Gratefully, the past 20 years have seen a natural sidestepping by psychologists of the ‘hegemony’ of psychiatric mental disorders (Anand & Malhi, 2011). Overlapping developments that have occurred in response have included:

  • Transdiagnostic research, theory, and treatment development (McEvoy et al., 2009). This has focused on psychological processes underlying CPPs irrespective of what their surface diagnoses are. For example, the massive ‘comorbidity’ rates between GAD and MDD are explainable by the underlying cognitive processes that they have in common, which can subsequently be addressed by a broadly applicable transdiagnostic intervention or ‘unified protocol’ (Barlow et al., 2004)
  • Much progress in research on Network Theory (McNally, 2021). This model regards mental disorders as cluster regions in a spatial network of interconnected, causally-related symptoms. This conception is much more consistent with a functional analytic approach to the detection and alteration of problematic psychological mechanisms. However, it is still about symptoms of mental disorders, equating them with CPPs.
  • A new psychological-level conception and nascent taxonomy of CPPs – PMC Theory (Bakker, 2019, 2021a, 2021b) – has taken these two developments a step further. It moves away entirely from the medical model of CPPs by defining their essence as lying in the operation of psychological-level causal ‘problem-maintaining circles’ (PMCs) or vicious circles. Then the difference between a grief reaction and a clinical depression problem, or an acute stress reaction and a PTSD, lies not in their symptom profiles (which can be identical), but in whether a fully perpetuating cyclic causal process has begun to operate. This problem maintenance process is what justifies external professional intervention and makes the problem ‘clinical’. For example, with PTSD research has shown that coping by avoidance is the most frequent factor turning an acute stress reaction into a PTSD-like CPP (Keane & Barlow, 2002).

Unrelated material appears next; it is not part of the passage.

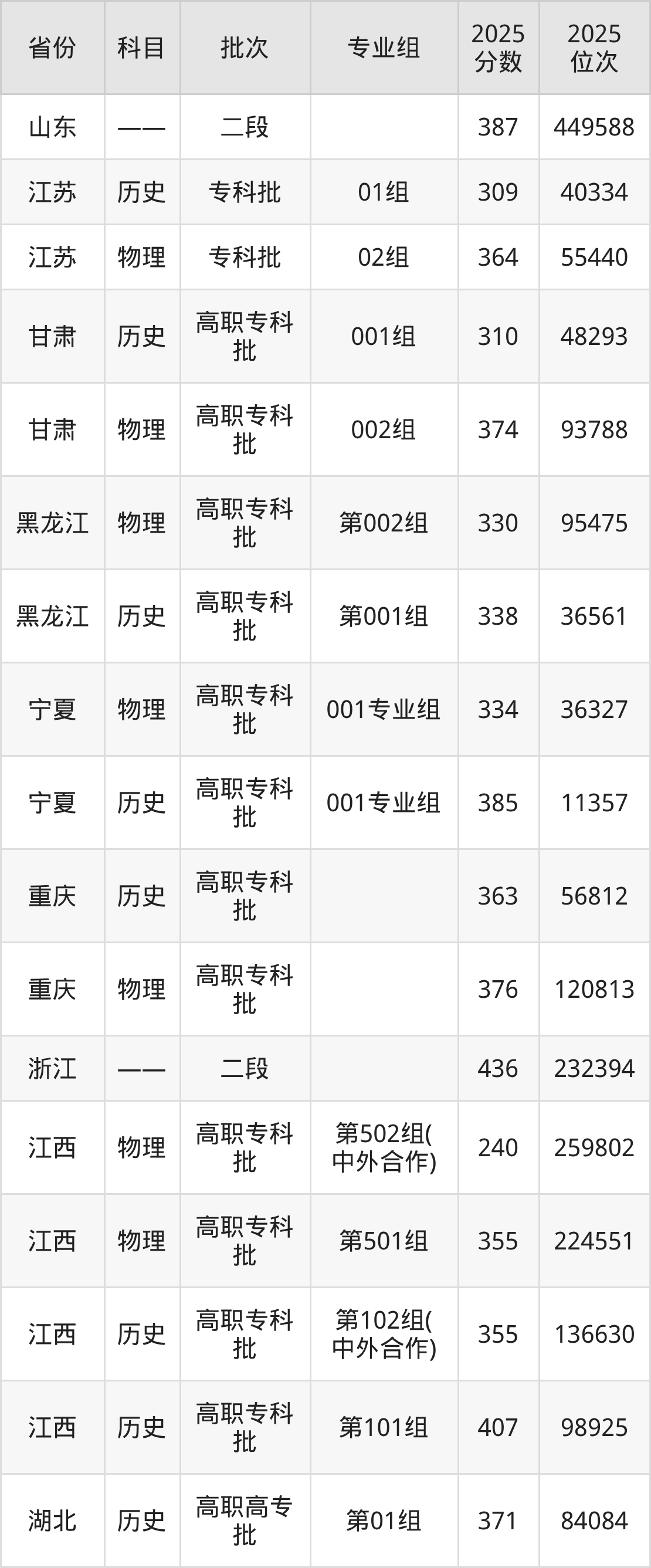 江西机电职业技术学院第001组:2025年投档录取最低分为373分,录取最低位次为18572名。

PMC Theory aims to provide the only two benefits that psychiatry’s DSM-based medical model has conferred for psychology, and that transdiagnostic and network approaches have not yet achieved: Communication through a shared nonmedical language, and codification of CPPs by the standardisation of the basic elements of a case formulation – the PMCs. A much more comprehensive taxonomy of PMCs than the brief listing available in Practical CBT (2021a) is being compiled, soon to be published in a case formulation handbook titled Standardised Case Formulation in Clinical Psychology.

PMC Theory has no possibility of supplanting the medical model of CPPs, which is far too entrenched in the public’s consciousness, and psychiatrists will naturally always assume that every CPP must be seen as a diagnosable mental disorder. That is their level of analysis, and psychiatry, being a medical specialty, will always have more administrative power and profile than psychology.

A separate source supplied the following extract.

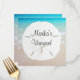 Table name, beach themed wedding cards with menu on one side and big sand dollar on the other. Seat guests by naming each table after a local town, or other theme. Direct guests to their reception seats where they will find the wedding menu on the opposite side of these ocean beach themed square cards.

But clinical psychology must be able to construct its own models, language, and taxonomy of CPPs alongside. They are, after all, clinical psychological problems. In some quarters this has continued. Research, and therefore practice, has largely remained focused on process in health psychology and educational and developmental psychology, and it happens naturally among experienced case formulating clinicians. But it needs to happen much more in psychotherapy process and outcome research (Bakker, 2021b), the financing of which is controlled outside of psychology. We need to resume (a la the 1970s) the development of psychological change principles, theory, and processes based on psychological-level standardised case formulations (not diagnoses) that enable generalised conclusions and guidelines to be drawn (Bakker, 2008; 2021a).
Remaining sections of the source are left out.